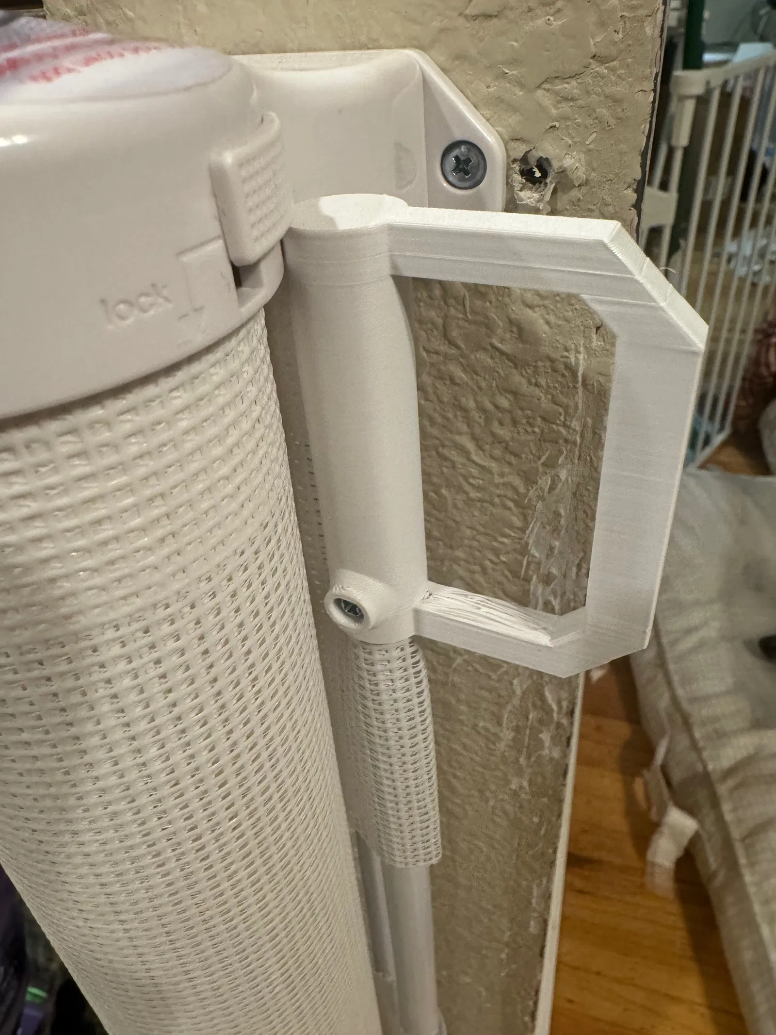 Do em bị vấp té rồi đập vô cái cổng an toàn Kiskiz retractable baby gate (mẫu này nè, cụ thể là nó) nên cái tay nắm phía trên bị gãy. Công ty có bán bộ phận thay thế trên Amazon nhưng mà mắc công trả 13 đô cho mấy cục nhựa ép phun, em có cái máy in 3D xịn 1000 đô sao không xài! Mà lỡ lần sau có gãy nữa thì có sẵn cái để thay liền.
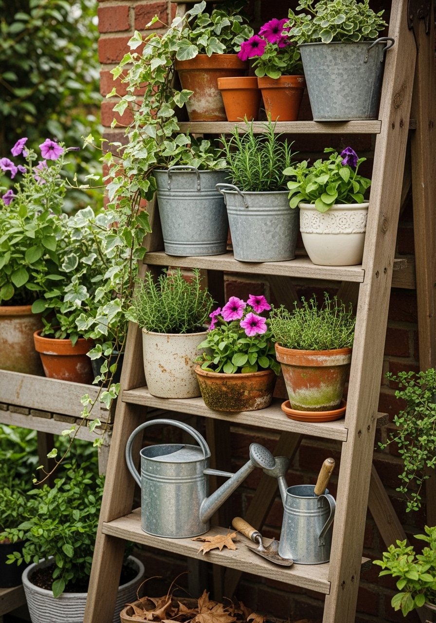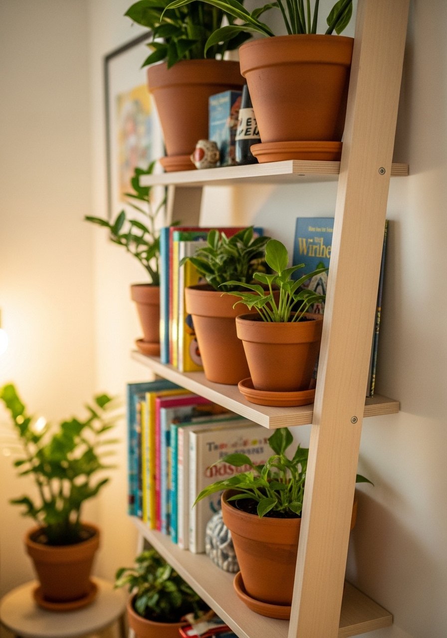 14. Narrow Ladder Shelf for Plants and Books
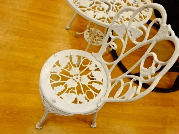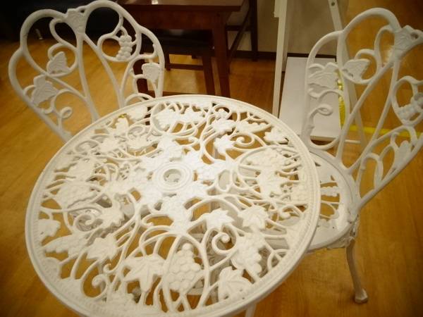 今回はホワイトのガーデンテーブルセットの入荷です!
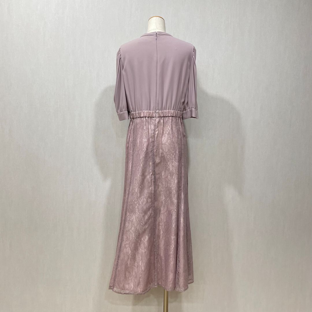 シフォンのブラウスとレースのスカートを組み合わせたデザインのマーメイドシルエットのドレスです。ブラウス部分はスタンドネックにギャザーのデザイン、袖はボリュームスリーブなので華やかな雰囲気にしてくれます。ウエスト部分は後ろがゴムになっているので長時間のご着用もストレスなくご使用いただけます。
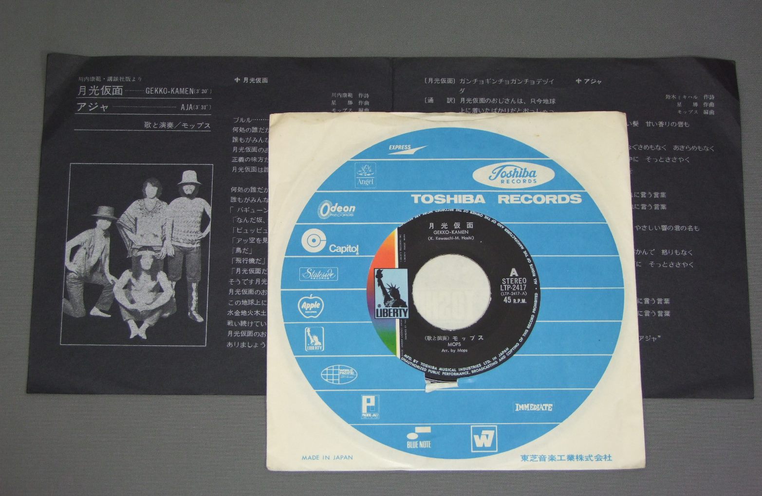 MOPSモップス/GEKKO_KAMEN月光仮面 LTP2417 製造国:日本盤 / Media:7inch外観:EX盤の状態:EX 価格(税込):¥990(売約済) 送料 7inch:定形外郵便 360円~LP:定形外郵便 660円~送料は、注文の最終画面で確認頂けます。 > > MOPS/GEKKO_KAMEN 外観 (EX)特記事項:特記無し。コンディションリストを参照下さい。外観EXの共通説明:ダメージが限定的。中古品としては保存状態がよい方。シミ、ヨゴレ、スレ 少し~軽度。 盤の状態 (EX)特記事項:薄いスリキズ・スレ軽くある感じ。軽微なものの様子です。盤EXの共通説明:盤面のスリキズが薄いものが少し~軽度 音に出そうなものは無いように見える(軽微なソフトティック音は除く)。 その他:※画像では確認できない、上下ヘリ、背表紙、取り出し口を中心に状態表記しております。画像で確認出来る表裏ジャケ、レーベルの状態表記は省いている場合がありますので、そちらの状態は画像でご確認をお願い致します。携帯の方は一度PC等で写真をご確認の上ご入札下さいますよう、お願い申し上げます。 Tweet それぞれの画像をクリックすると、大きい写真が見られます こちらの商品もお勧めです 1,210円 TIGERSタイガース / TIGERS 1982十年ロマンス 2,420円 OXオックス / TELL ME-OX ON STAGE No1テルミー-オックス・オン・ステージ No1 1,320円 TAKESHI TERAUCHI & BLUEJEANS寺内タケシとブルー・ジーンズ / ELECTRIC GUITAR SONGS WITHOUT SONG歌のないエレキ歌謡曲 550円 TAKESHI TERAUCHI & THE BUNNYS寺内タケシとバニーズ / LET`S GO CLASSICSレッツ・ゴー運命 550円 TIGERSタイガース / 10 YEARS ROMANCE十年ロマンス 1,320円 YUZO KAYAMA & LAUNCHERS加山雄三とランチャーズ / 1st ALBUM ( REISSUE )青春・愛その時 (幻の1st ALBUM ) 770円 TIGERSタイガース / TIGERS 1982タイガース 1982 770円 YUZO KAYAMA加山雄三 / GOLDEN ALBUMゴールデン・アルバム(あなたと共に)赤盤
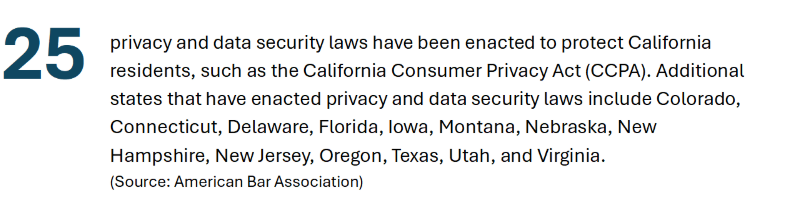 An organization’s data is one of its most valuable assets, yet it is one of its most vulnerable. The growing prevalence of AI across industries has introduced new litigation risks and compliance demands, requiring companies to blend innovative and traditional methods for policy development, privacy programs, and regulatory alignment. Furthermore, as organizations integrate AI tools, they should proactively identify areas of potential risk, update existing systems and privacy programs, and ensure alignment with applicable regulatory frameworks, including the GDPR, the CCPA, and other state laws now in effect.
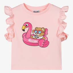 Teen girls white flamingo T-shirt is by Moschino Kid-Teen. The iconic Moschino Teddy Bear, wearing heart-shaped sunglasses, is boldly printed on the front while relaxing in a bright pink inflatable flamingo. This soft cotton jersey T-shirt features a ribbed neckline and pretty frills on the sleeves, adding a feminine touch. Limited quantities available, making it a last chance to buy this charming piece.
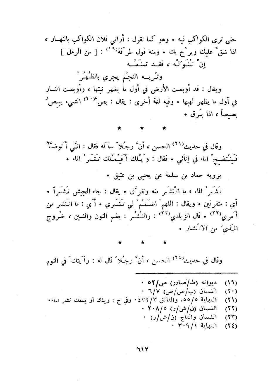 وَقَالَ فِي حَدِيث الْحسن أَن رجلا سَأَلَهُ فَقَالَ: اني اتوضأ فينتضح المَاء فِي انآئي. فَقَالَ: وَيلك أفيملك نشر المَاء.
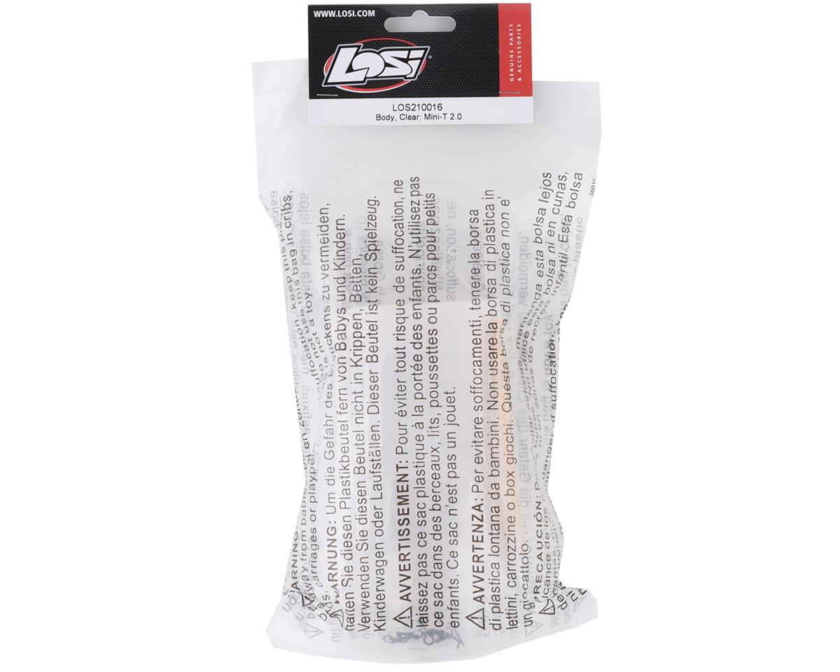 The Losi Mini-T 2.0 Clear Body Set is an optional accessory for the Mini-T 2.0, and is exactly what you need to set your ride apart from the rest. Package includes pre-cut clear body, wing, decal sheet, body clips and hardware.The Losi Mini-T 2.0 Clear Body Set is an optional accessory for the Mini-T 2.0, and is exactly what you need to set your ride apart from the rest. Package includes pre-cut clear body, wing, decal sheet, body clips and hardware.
■ ■ ■ ■
▶ PROBLEM STATEMENT
All lines from the one containing "وَقَالَ فِي حَدِيث" to the last line of the data above, both included, should be printed exactly, and the pictures should not appear.

▶ REPLY
 وَقَالَ فِي حَدِيث الْحسن أَن رجلا سَأَلَهُ فَقَالَ: اني اتوضأ فينتضح المَاء فِي انآئي. فَقَالَ: وَيلك أفيملك نشر المَاء.
 The Losi Mini-T 2.0 Clear Body Set is an optional accessory for the Mini-T 2.0, and is exactly what you need to set your ride apart from the rest. Package includes pre-cut clear body, wing, decal sheet, body clips and hardware.The Losi Mini-T 2.0 Clear Body Set is an optional accessory for the Mini-T 2.0, and is exactly what you need to set your ride apart from the rest. Package includes pre-cut clear body, wing, decal sheet, body clips and hardware.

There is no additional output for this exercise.